A letter drifted through my letterbox from Bristol City Council.
Now, I’d consider myself to be a reasonably literate and educated person. I’m no brain of Britain, but as a word weaver, it takes a lot for me to struggle to interpret a piece of writing. However, this particular letter is epic…
All I can deduce from this letter is that as I am not a landlord or a tenant, this probably does not apply to me – thank goodness! If it did I’d be a gibbering wreck trying to penetrate this horrible lump of meaningless words.
It’s almost as if the council have made it deliberately difficult to understand so people don’t bother to get involved with the consultation!?
I hate jargon!
That’s why ‘J’ is for ‘Jargon’ on my A to Z of Blogging.
Trying to impress us with your verbosity and acronyms isn’t big and it isn’t clever. Stop it!
If you can’t get your point across without using it, what value are you actually adding?
If you can’t say it in simple English, frankly, don’t bother saying it!
Einstein is quoted as saying, “If you can’t explain it to a six-year-old, you don’t understand it.”
Go Jargon-Free
Writing Jargon-free is not about dumbing down your message, it’s about making it accessible to your audience.
The language, terminology, acronyms and corporate code you use within your organisation doesn’t make sense to people outside of that bubble.
Ordinary humans don’t push on envelopes or let their thoughts out of boxes!
In fact, even within organisations, assuming people know the acronyms and jargon you use is asking for a communications breakdown!
Jargon isn’t just impenetrable for people outside of your organisation or your sector, but it’s also inherently discriminatory against people with learning disabilities.
Last month, I met with Beth Richards at University of Bristol.
Beth is working on a project for the School for Policy Studies, looking at ways to make the film and TV industry accessible for people with learning disabilities.
Like me, one of her pet hates is jargon!
Sharing this fab video she’s created highlighting the problem…

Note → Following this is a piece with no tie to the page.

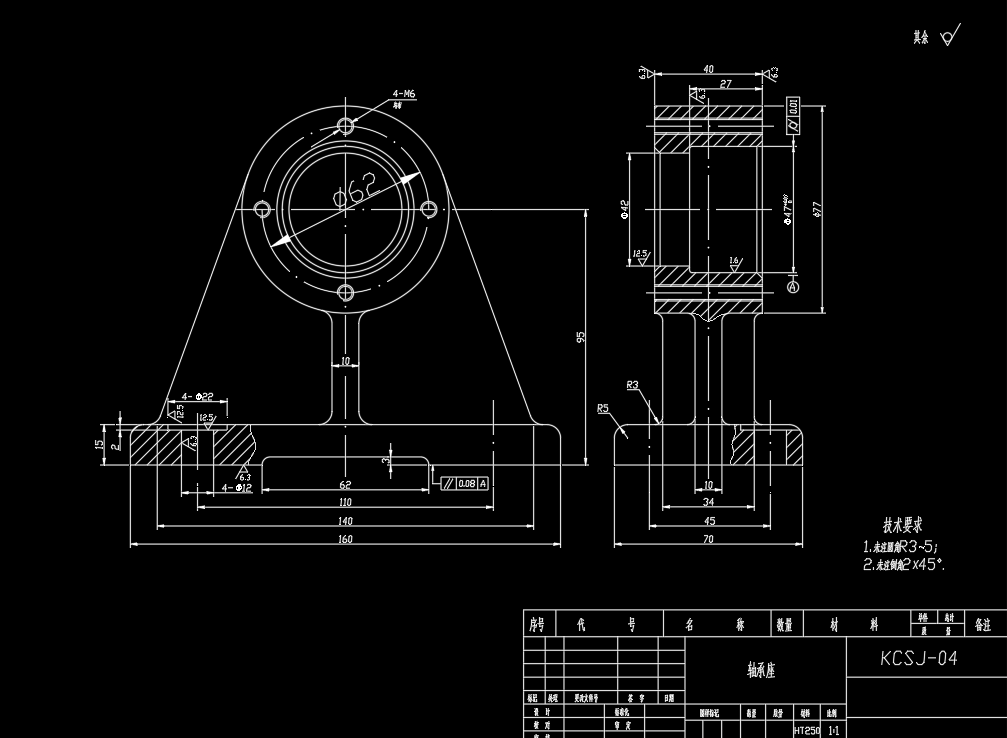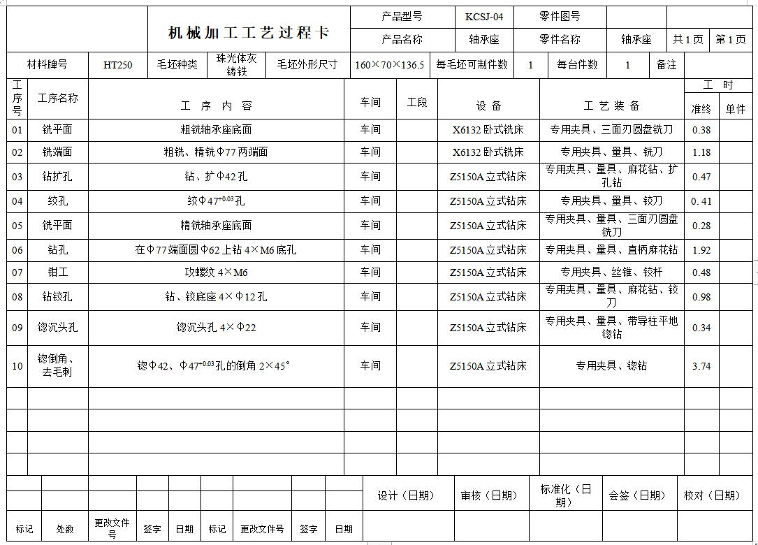 课程设计 KCSJ-04 轴承座零件的工艺规程及工艺装备设计(设计说明书+CAD图纸+工序卡10张+过程卡)

I hate you jargon – by Beth Richards from biggerhouse film on Vimeo.
Jargon Is A Disease
It’s like cancer.
Propagating, circulating and sucking the life out everything it touches.
Jargon-riddled content is soulless.
It makes for boring and inaccessible reading.
It’s dry, dreary and dull.
It’s a stale cookie. A mouldy orange – people avoid consuming it. And those that do, come away feeling disillusioned, de-motivated and empty. And probably a bit sick, too!
Do you really want that to be the enduring feeling you leave your readers with?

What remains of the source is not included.